# C'est comment un clavier québecois ?



## cham (26 Août 2004)

Avé,

Tout est dans le titre en fait : c'est comment un clavier québécois par rapport à un clavier français ? Déjà c'est un azerty, mais ya ti des différences au niveau des accents, signes, symboles...  

Par exemple l'euro, c'est toujours alt + $ ? 

Pour info, au Québec (francophone donc) il y la TPS (TVA locale de 7 %) et la TVQ (spécifique au Québec et de 7,5 %).

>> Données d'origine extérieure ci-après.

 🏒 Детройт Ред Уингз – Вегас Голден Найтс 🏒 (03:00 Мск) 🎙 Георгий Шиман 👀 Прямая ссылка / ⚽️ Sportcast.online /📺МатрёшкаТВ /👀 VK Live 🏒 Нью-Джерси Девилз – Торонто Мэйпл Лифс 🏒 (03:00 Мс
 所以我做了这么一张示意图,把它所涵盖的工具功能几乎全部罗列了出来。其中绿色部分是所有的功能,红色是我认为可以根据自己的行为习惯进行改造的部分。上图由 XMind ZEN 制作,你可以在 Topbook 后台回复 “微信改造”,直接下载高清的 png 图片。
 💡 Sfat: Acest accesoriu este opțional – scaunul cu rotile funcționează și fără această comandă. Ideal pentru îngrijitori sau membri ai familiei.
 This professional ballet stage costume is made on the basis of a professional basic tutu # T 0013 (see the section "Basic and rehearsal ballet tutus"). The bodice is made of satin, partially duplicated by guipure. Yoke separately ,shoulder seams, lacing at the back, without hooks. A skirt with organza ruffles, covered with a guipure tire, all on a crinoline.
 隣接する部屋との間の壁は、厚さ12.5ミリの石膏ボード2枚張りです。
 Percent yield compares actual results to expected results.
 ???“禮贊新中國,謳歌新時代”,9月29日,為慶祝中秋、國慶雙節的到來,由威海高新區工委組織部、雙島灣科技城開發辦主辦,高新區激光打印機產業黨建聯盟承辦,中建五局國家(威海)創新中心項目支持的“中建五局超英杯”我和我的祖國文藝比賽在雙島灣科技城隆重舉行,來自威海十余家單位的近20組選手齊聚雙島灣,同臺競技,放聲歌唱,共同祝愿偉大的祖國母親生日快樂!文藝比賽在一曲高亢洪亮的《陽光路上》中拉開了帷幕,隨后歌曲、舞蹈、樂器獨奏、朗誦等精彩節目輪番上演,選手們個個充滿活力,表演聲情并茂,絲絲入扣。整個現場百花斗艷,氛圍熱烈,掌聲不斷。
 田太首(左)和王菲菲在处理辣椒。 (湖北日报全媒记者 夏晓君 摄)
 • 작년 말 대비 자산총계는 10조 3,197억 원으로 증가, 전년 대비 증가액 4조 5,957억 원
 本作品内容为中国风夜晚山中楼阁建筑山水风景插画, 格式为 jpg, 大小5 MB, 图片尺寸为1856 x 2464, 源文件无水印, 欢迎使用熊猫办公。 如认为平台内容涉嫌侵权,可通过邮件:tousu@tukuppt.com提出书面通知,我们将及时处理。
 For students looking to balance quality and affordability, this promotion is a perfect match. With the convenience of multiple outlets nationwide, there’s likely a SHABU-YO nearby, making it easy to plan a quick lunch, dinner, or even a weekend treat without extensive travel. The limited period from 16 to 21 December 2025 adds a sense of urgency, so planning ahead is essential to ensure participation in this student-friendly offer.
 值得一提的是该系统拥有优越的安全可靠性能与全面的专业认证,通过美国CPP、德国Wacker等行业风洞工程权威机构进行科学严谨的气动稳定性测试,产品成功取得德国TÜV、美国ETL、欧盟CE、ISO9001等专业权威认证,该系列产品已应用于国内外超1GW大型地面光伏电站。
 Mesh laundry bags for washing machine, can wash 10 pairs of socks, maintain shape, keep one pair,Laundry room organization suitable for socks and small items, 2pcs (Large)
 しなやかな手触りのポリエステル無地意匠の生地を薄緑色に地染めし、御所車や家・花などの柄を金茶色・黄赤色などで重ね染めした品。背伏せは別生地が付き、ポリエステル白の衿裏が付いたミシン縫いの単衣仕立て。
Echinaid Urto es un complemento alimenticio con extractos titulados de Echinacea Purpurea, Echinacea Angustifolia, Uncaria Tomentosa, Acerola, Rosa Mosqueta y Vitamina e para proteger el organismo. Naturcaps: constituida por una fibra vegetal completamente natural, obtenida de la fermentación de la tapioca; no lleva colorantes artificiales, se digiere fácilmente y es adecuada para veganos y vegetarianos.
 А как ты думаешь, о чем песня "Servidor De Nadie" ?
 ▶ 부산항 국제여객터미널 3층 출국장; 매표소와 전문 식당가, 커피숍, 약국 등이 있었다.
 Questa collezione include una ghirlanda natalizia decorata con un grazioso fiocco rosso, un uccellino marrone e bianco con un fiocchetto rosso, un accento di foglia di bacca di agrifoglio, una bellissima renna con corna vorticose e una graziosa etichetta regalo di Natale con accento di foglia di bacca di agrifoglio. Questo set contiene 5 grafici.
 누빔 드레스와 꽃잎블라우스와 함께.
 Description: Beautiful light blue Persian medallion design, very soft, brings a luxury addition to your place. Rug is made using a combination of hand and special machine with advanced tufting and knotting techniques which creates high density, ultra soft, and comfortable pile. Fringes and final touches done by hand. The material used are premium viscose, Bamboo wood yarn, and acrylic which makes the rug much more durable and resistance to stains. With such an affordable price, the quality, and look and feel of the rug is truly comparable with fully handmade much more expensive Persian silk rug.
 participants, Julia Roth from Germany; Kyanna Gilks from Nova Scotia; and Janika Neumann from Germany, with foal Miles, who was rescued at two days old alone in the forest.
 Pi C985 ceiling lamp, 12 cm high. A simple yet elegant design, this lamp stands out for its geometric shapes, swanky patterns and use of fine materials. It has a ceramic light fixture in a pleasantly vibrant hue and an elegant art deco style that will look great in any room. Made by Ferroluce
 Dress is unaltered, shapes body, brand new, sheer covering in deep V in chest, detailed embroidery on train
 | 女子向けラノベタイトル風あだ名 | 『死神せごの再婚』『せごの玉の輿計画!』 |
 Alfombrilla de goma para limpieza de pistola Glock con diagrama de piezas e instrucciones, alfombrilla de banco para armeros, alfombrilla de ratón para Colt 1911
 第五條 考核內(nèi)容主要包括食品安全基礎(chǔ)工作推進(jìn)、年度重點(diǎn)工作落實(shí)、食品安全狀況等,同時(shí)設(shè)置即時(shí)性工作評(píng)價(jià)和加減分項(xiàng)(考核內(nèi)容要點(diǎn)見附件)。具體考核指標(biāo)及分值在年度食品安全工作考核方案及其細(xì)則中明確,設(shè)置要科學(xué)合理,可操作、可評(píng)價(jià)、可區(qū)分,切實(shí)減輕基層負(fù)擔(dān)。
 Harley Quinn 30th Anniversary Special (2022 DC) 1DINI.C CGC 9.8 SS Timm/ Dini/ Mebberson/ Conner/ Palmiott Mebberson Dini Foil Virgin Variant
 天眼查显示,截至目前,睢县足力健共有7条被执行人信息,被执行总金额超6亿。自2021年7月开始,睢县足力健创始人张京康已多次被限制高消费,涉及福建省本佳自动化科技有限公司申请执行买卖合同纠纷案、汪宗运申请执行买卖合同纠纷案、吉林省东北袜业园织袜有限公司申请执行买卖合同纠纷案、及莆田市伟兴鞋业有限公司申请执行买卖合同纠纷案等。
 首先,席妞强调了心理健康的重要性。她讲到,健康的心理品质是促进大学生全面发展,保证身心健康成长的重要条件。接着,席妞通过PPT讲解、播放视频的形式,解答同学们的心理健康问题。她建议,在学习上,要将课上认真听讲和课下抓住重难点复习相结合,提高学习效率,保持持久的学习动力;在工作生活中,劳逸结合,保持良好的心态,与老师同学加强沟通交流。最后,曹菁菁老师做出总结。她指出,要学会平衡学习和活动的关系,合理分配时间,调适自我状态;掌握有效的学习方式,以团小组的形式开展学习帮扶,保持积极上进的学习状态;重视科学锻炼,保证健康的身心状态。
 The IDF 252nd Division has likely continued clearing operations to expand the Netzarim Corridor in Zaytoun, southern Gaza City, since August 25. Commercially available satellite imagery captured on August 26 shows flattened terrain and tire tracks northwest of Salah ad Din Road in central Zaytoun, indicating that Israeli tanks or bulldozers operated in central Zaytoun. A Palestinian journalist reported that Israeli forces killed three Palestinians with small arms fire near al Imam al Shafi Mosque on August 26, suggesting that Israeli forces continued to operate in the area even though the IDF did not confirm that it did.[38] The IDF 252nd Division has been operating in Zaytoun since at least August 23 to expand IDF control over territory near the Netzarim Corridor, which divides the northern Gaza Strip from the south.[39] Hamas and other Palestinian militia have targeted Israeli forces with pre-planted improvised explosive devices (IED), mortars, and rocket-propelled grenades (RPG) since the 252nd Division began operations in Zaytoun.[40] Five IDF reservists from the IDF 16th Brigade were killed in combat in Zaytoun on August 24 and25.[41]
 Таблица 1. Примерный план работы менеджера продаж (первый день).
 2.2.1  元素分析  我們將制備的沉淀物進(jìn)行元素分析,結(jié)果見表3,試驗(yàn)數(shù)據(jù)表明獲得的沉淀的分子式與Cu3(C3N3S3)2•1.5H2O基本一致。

La TPS est remboursable, mais pas la TVQ. Le prix HT est légèrement inférieur à celui qu'on trouve en France. 

Des Québecois(es) dans la salle ?


----------



## Anonyme (26 Août 2004)

c'est un clavier qwerty avec des accents, j'en sais pas plus...

pourquoi ?!?


----------



## cham (26 Août 2004)

kasparov a dit:
			
		

> c'est un clavier qwerty avec des accents, j'en sais pas plus...
> 
> pourquoi ?!?



Vraiment un qwerty ???     

Ma tête dans le sirop d'érable ! :mouais:


----------



## cham (26 Août 2004)

Pourtant on peut choisir son clavier en US English ou French Canadian... 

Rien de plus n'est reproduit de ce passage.